Aimaq’s father, Faramaz, told ESPN he was stunned when his son called and told him about the incident. Faramaz had fled Afghanistan as a teenager in the 1970s after his father had died in the Afghan Civil War.

«I lost my father, lots of family. I was 17, 18 years old,» he said. «It was really hard for me because it’s war. It was a bombing.»

He subsequently landed in Canada and built a new life for himself. He said his son’s experience hurt him both because he fought so hard for his family’s future but also because Fardaws has always been a positive and peaceful person.

«I told him, ‘Just ignore them,'» Faramaz told ESPN. «‘You go play hard.’ I give him a lot of credit because all the time [last season at Texas Tech], they used really bad words about my son. This is not fair. [A fan called my son] a terrorist. I have to be honest: On that day I was crying. It’s hard sometimes, you know?»

Fardaws trusted the discipline he has developed over the years to navigate the situation. He is the first player on the court before practice each day, and the last person to leave the floor. His childhood martial arts training taught him the value of controlling his emotions, adhering to diligence and relying on patience.

While he had every right to spend the rest of the season angered by what happened in November, he has chosen to move forward and not allow that moment to define his season.

«Obviously, I’ve forgiven the kid,» Aimaq said.

Madsen, who spent nine years in the NBA, including being coached by Phil Jackson with the Los Angeles Lakers, said Aimaq has grown as a leader, and it’s showing results. Cal’s recent wins include an 81-75 overtime win over Washington State in which Aimaq finished with 18 points, 14 rebounds and 2 steals.

«One of the things that makes him great is his passion for life,» Madsen said. «He’s a great human being. He’s a multiple-time team captain. He has great leadership, and he is such a hard worker.»

Aimaq’s college basketball career has been a journey. He is playing for his fourth school. At all of his previous stops, he transferred after his head coaches had either taken another job (Madsen) or been fired (former Texas Tech coach Mark Adams, former Mercer coach Bob Hoffman). But now, he believes he can end his collegiate career on a high note and pursue his dreams of making history as the first player of Afghan descent to play in the NBA. He’s not currently listed on any reputable NBA mock drafts, so his odds are slim.
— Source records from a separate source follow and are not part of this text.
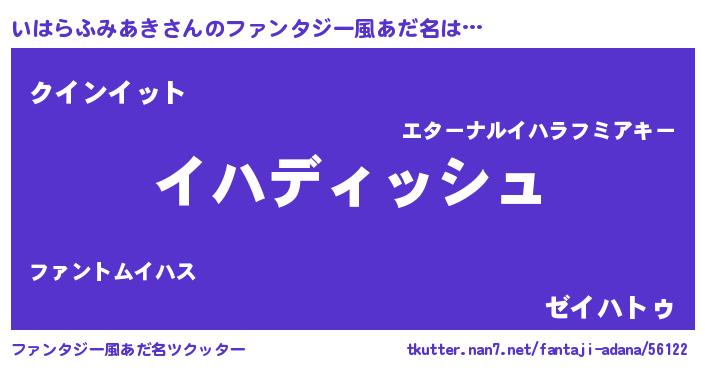 | 男性向けラノベタイトル風あだ名 | 『いはらふみあきという概念が存在しない退屈な世界 』 |
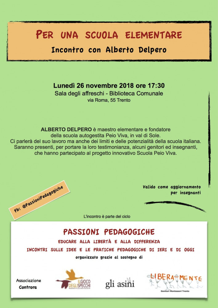 Alberto Delpero, maestro elementare e fondatore della scuola autogestita Peio Viva, parlerà del suo lavoro ma anche dei limiti e delle potenzialità della scuola italiana. In collaborazione con Associazione Controra, Liberamente, Gli Asini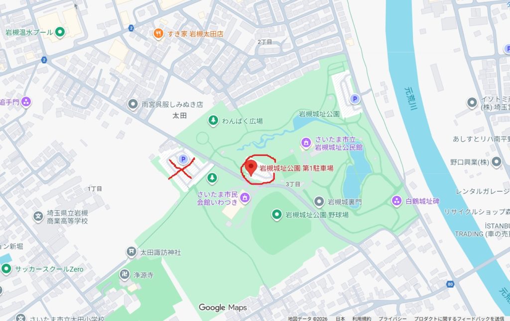 当初の集合場所は、岩槻城址公園 第2駐車場(市民会館北側の坂の下)になっていましたが、岩槻城址公園 第1駐車場に変更します。

But he has never backed down from a challenge.

On Friday, after the team’s 73-71 win over Stanford, Madsen pointed to Aimaq (13 points, 12 rebounds) in the locker room and praised him for his effort.

«When we couldn’t get a bucket, we went to you, big fella, and you produced every time,» Madsen said.
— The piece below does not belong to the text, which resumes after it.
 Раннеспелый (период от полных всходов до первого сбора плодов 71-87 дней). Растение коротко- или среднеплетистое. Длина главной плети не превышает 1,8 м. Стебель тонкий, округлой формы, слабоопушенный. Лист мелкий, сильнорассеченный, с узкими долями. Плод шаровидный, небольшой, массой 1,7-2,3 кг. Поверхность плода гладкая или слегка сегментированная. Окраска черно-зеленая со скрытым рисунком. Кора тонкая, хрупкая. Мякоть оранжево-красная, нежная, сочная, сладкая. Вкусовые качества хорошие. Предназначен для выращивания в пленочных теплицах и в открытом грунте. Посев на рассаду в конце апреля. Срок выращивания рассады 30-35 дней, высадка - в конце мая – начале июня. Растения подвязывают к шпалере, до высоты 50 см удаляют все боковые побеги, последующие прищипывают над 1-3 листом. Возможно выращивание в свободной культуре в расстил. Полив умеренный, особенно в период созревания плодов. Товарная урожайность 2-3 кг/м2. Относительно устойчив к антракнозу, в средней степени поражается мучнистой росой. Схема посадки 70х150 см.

Aimaq’s teammates all clapped and cheered.

«When it’s all said and done, if you have done everything possible in your power and it doesn’t work out, then that’s one thing,» Aimaq said. «You know, for us, the reason that we’ve been so positive is that we see a breakthrough coming.»

From Vancouver, Canada, meanwhile, his father admires his son’s resilience as he endured the trials this season has presented and continues to thrive.

«I am proud of him,» Faramaz said. «He’s my hero.»